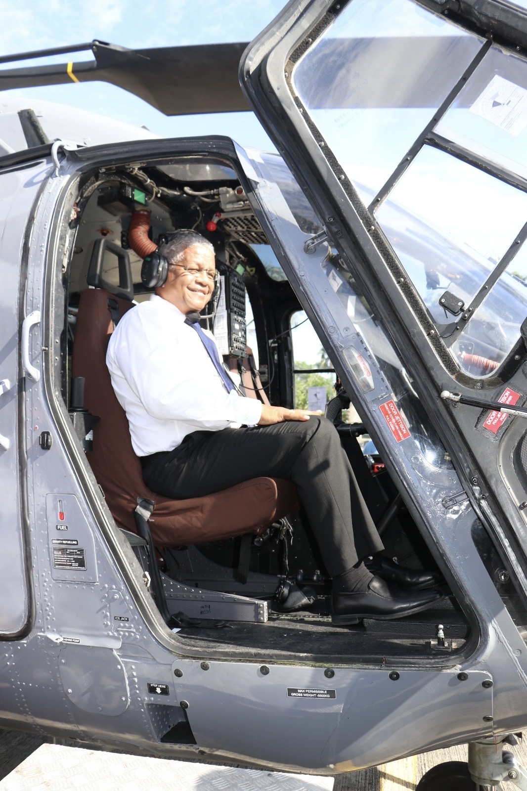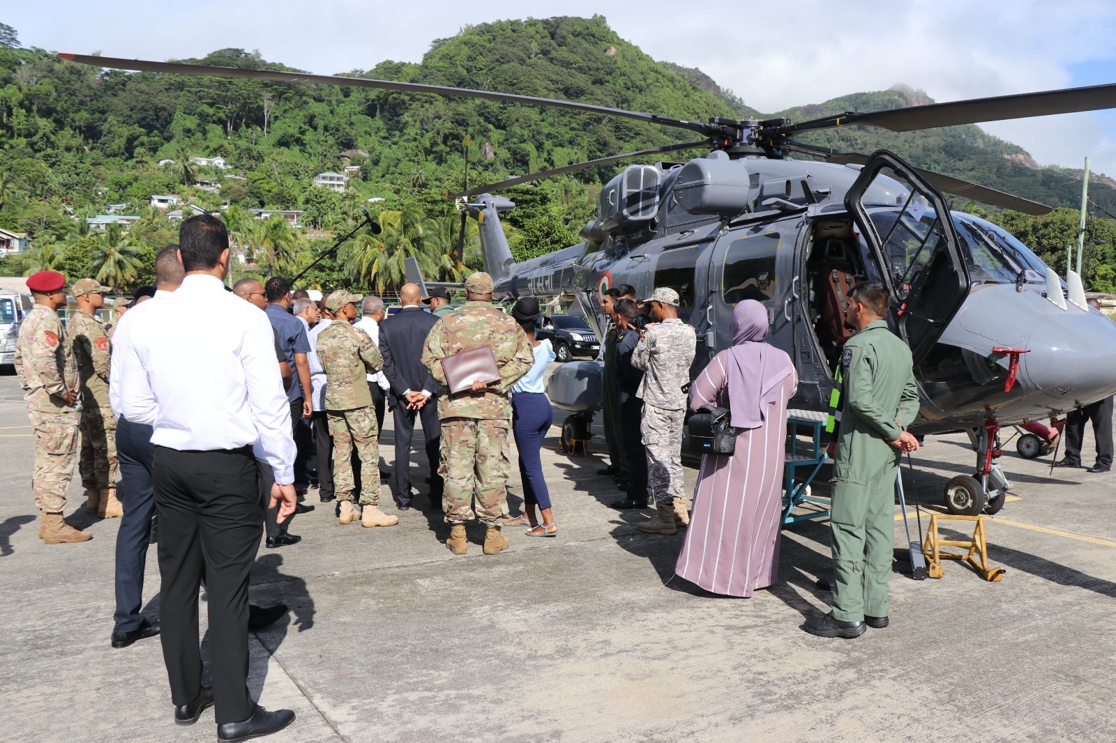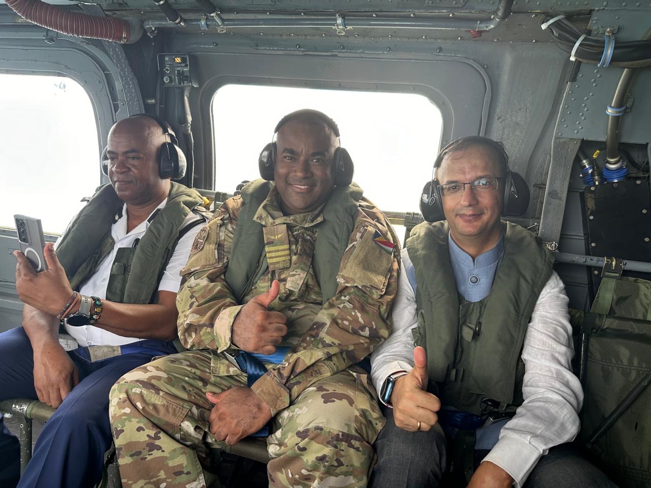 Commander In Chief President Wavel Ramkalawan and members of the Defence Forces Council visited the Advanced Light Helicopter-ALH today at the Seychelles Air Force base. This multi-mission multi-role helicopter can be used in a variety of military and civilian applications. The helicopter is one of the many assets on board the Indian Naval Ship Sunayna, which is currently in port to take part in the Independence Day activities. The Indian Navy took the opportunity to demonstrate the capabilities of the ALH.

--

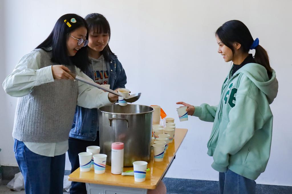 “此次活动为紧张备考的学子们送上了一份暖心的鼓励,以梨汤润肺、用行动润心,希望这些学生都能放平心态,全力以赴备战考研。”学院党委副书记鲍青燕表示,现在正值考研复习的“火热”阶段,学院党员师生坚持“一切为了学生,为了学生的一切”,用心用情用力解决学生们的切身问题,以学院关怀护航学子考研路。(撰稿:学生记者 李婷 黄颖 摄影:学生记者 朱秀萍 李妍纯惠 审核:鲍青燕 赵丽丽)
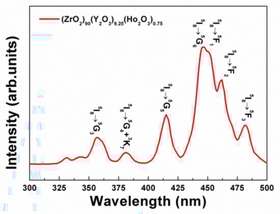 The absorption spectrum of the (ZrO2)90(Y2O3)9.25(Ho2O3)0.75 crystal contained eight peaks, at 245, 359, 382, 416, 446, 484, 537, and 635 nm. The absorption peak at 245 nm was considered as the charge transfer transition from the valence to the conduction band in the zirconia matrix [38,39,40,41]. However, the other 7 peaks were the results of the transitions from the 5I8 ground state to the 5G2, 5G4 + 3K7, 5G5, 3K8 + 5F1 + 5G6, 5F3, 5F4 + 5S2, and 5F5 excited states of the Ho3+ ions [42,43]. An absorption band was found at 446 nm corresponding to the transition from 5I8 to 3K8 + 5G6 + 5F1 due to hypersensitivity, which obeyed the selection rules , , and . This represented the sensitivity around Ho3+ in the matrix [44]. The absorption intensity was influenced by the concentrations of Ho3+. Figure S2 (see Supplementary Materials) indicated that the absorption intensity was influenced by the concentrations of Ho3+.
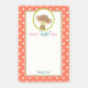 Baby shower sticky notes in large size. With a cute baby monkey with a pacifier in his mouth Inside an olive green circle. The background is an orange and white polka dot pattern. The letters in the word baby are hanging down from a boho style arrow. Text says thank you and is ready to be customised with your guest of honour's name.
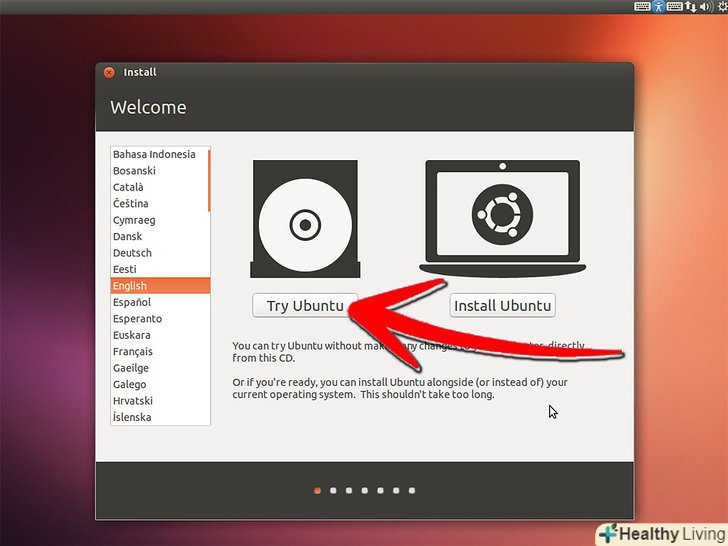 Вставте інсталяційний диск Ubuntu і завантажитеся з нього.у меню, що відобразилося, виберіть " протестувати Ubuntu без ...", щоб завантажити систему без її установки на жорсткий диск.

→ **WHAT IS NEEDED**
Leaving each picture behind, please give again exactly the lines above from the one with "Baby shower sticky" through the one with "Вставте інсталяційний диск", both included, and no others.

→ **PROBLEM SOLUTION**
 Baby shower sticky notes in large size. With a cute baby monkey with a pacifier in his mouth Inside an olive green circle. The background is an orange and white polka dot pattern. The letters in the word baby are hanging down from a boho style arrow. Text says thank you and is ready to be customised with your guest of honour's name.
 Вставте інсталяційний диск Ubuntu і завантажитеся з нього.у меню, що відобразилося, виберіть " протестувати Ubuntu без ...", щоб завантажити систему без її установки на жорсткий диск.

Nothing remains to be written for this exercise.